[Stored entries]
···
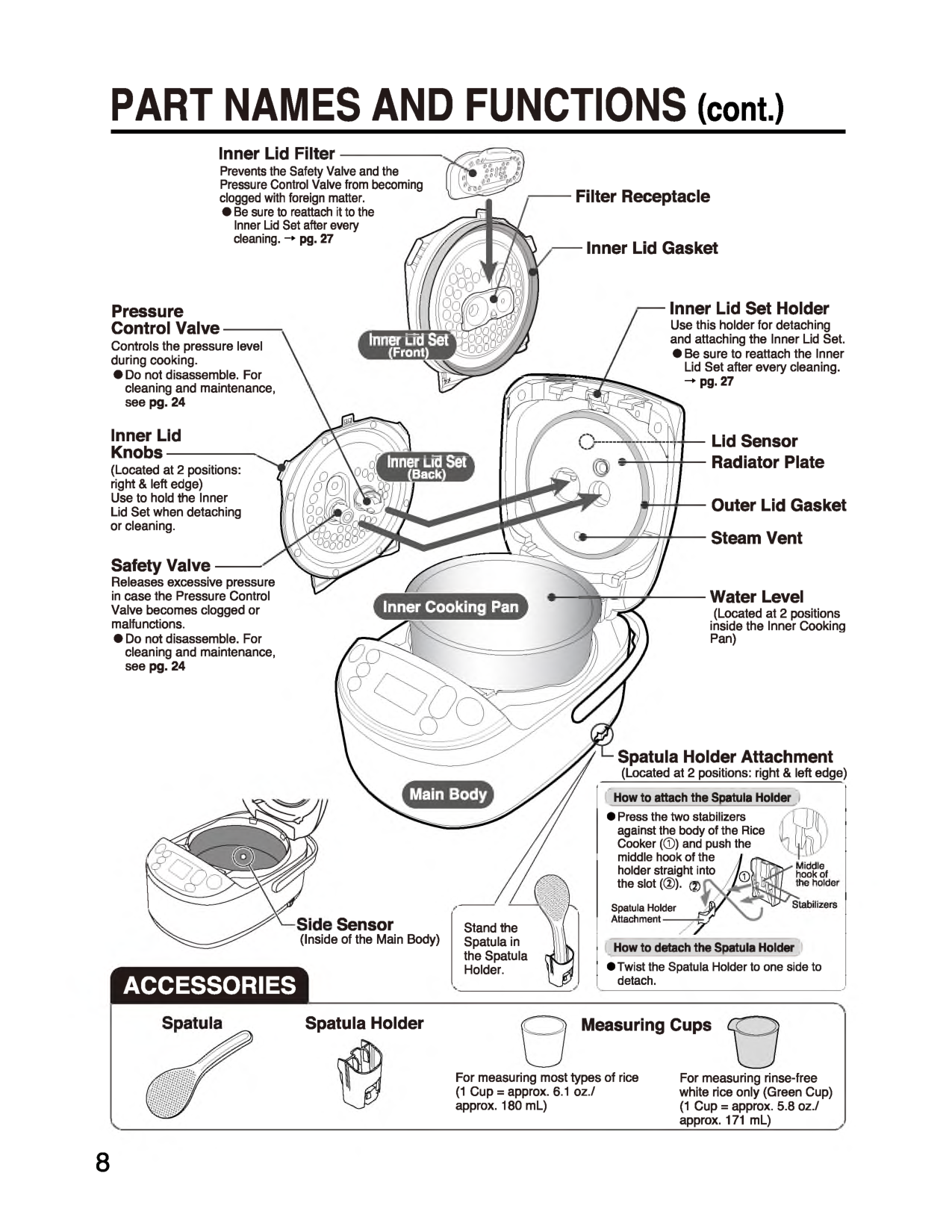 button Use this button to initiate the cooking or reheating process. TIMER button Use when cooking rice using the Timer function. -*• pg. 19 7PART NAMES AND FUNCTIONS (cont.) Spatula Holder Attachment (Located at 2 positions: right & left edge) Filter Receptacle Inner Lid Gasket Inner Lid Set Holder Use this holder for detaching and attaching the Inner Lid Set.
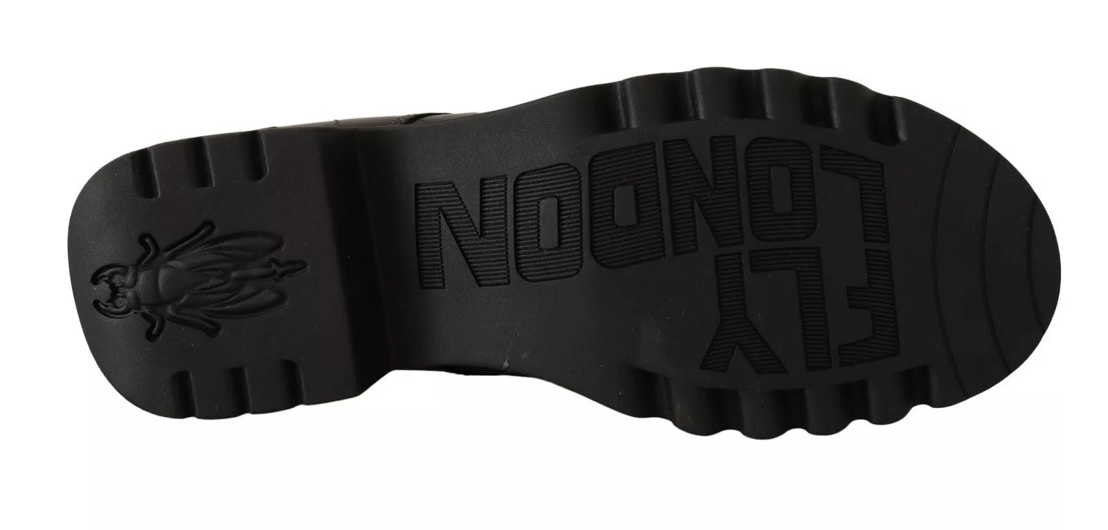 FLY LONDON Black Leather Low Top Lace Up Women Oxford Shoes
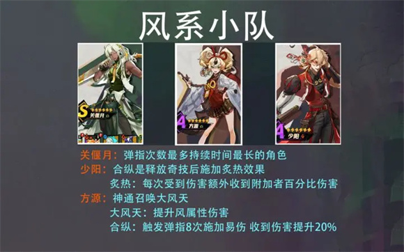 3、方源:施展神通召唤大风天 大风天效果:提升风属性伤害;合纵效果:触发弹指8次后施加易伤状态,使目标受到的伤害提升20%
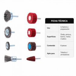 • Limpieza de superficies planas e irregulares. • Incluye: • Espigas de 1/4" (6mm). • 1 Cepillo de taza: 50mm x 1/4". • 1 Cepillo de taza: 75mm x 1/4". • 1 Cepillo de pincel: 25mm x 1/4". • 1 Cepillo circular: 25mm x 1/4". • 1 Cepillo circular: 38mm x 1/4".
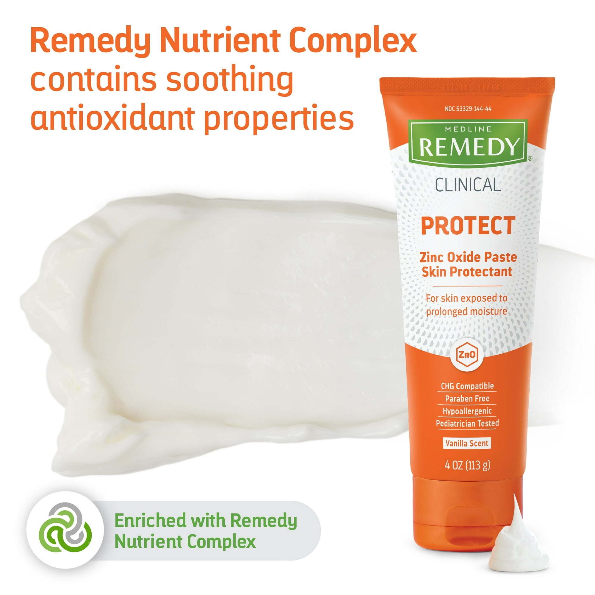 Medline Remedy CLINICAL Zinc Oxide Paste Skin Protectant is specially formulated by our skin care experts to protect skin affected by wetness, urine or stool. Ideal for diaper rash and incontinence protection, a high level of petrolatum offers long lasting protection,reducing the need for re-application which may irritate the affected areas. 17% micronized zinc oxide helps add breathability and a smooth, rich texture that’s easier to apply and remove. It even sticks well to skin with exudate (the wetness that drains from damaged skin) to soothe and protect these difficult areas. Thoughtfully formulated and meticulously crafted to nurture and care for fragile skin, our unique hypoallergenic formula is good for all skin types and safe for adults and children over 2. It’s also sulfate-free and paraben-free, using only proven, high quality ingredients without any harmful additives. And it’s CHG compatible, so it’s good for use by medical professionals who care for all types of patients. This CLINICAL protectant paste is fortified with our proprietary Remedy Nutrient Complex, formerly called Phytoplex. This unique blend includes nourishing botanicals, antioxidants, natural oils, hydrators, moisturizers, emollients and humectants to deliver enhanced support for dry and irritated skin. The convenient squeeze tube or packets fit easily in purse or travel bag, or on a bedside table or drawer, so it’s always ready to use for a consistent daily skin health routine. As the country’s #1 provider of skin care for healthcare, we’re committed to quality care for all skin types that may be at risk due to age, environmental or medical conditions, or everyday dryness. Transform your skin care routine and experience care that goes beyond the ordinary with Remedy CLINICAL Zinc Skin Protectant Paste.
···
Pictures in the entries do not go into the copy. Print only the lines starting at the one containing "FLY LONDON Black" and ending at the one containing "Limpieza de superficies", exactly as they appear.

#### EXERCISE RESPONSE:
 FLY LONDON Black Leather Low Top Lace Up Women Oxford Shoes
 3、方源:施展神通召唤大风天 大风天效果:提升风属性伤害;合纵效果:触发弹指8次后施加易伤状态,使目标受到的伤害提升20%
 • Limpieza de superficies planas e irregulares. • Incluye: • Espigas de 1/4" (6mm). • 1 Cepillo de taza: 50mm x 1/4". • 1 Cepillo de taza: 75mm x 1/4". • 1 Cepillo de pincel: 25mm x 1/4". • 1 Cepillo circular: 25mm x 1/4". • 1 Cepillo circular: 38mm x 1/4".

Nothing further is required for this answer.